Isolating \(\beta\) with matrix algebra
I should note that all of the matrix algebra that you have seen here is thanks to Dean Adams at Iowa State University (but if you notice any errors, they are mine, not his). The first thing that we need to isolate \(\beta\) is to multiply both sides of the equation \(Y = \beta X\) by the transpose of \(X\), \(X^{t}\),
\[X^{t} Y = X^{t} X \beta.\]
Next, we multiply both sides by the inverse of \((X^{t}X)\), \((X^{t}X)^{-1}\),
\[\left( X^{t} X \right)^{-1} X^{t} Y = \left( X^{t} X \right)^{-1} X^{t} X \beta.\]

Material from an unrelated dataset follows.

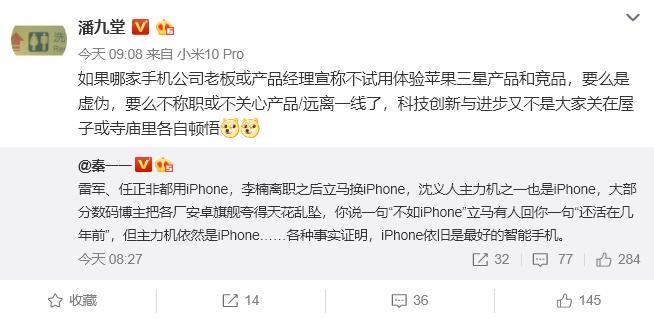 看到大家热议之后小米高管@潘九堂 称:如果哪家手机公司老板或产品经理宣称不试用体验苹果、三星产品和竞品,要么是虚伪,要么不称职或不关心产品/远离一线了,科技创新与进步又不是大家关在屋子或寺庙里各自顿悟。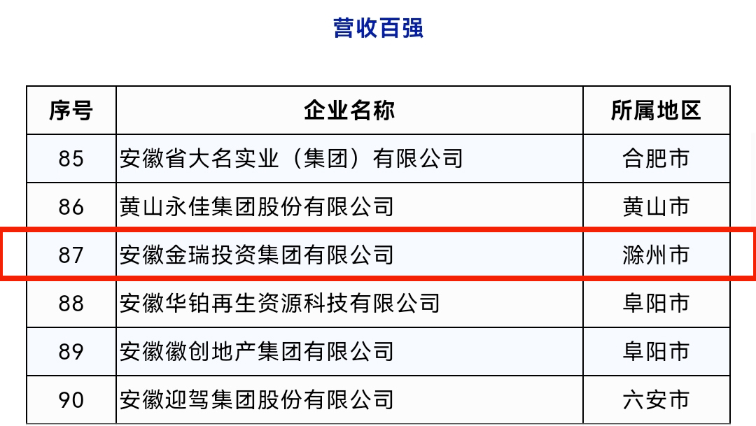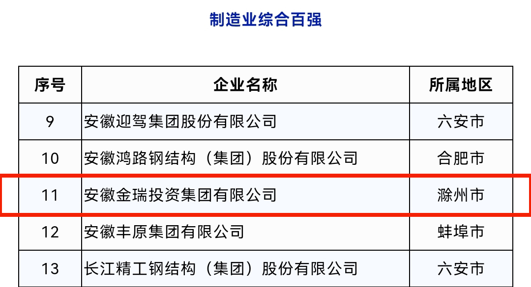 6686体育母公司——安徽金瑞投资集团有限公司位列营收百强第87位、制造业综合百强11位。

Notice now that on the right side of the equation, we have \(\left( X^{t} X \right)^{-1} X^{t} X\). In other words, we multiply the inverse of \((X^{t}X)\) by itself, thereby cancelling itself out (getting the identity matrix, the matrix algebra equivalent of 1). That leaves us only with \(\beta\) on the right hand side of the equation, which is exactly what we want. We can flip this around and put \(\beta\) on the left side of the equation,
\[\beta = \left( X^{t} X \right)^{-1} X^{t}Y.\]
Hence, we have isolated \(\beta\), and can use the right side of the above equation (where the data are located) to get our predictors.
Using one equation to get predictions of coefficients.
We now have our equation for getting our prediction coefficients \(\beta\),
\[\beta = \left( X^{t} X \right)^{-1} X^{t}Y.\]
Now I will use this equations to rederive our regression
coefficients. Do not worry about the details here. What
I want to show is that the above equation really does get us the same
regression coefficents that we got from the output of
summary(lmod2)
earlier. Here is
that output again.
##
## Call:
## lm(formula = height ~ 1 + species_ID, data = plant_data)
##
## Residuals:
## Min 1Q Median 3Q Max
## -80.567 -28.155 -3.952 32.665 109.006
##
## Coefficients:
## Estimate Std. Error t value Pr(>|t|)
## (Intercept) 148.457 7.041 21.085 <2e-16 ***
## species_IDspecies_2 26.144 10.037 2.605 0.0106 *
## species_IDspecies_3 5.457 9.615 0.568 0.5717
## ---
## Signif. codes: 0 '***' 0.001 '**' 0.01 '*' 0.05 '.' 0.1 ' ' 1
##
## Residual standard error: 39.83 on 97 degrees of freedom
## Multiple R-squared: 0.07258, Adjusted R-squared: 0.05345
## F-statistic: 3.795 on 2 and 97 DF, p-value: 0.02588
Now let’s use the data in plant_data
to calculate \(\beta\) manually instead. Here are the
first ten rows of plant_data
again.
height | the_intercept | is_species_2 | is_species_3 |
---|---|---|---|
150.42 | 1 | 1 | 0 |
150.56 | 1 | 0 | 1 |
217.97 | 1 | 1 | 0 |
133.03 | 1 | 1 | 0 |
153.67 | 1 | 0 | 0 |
117.23 | 1 | 1 | 0 |
126.27 | 1 | 1 | 0 |
194.60 | 1 | 0 | 1 |
199.22 | 1 | 0 | 0 |
107.87 | 1 | 0 | 0 |
We want to set the first column as a matrix \(Y\), and the remaining columns as a matrix \(X\).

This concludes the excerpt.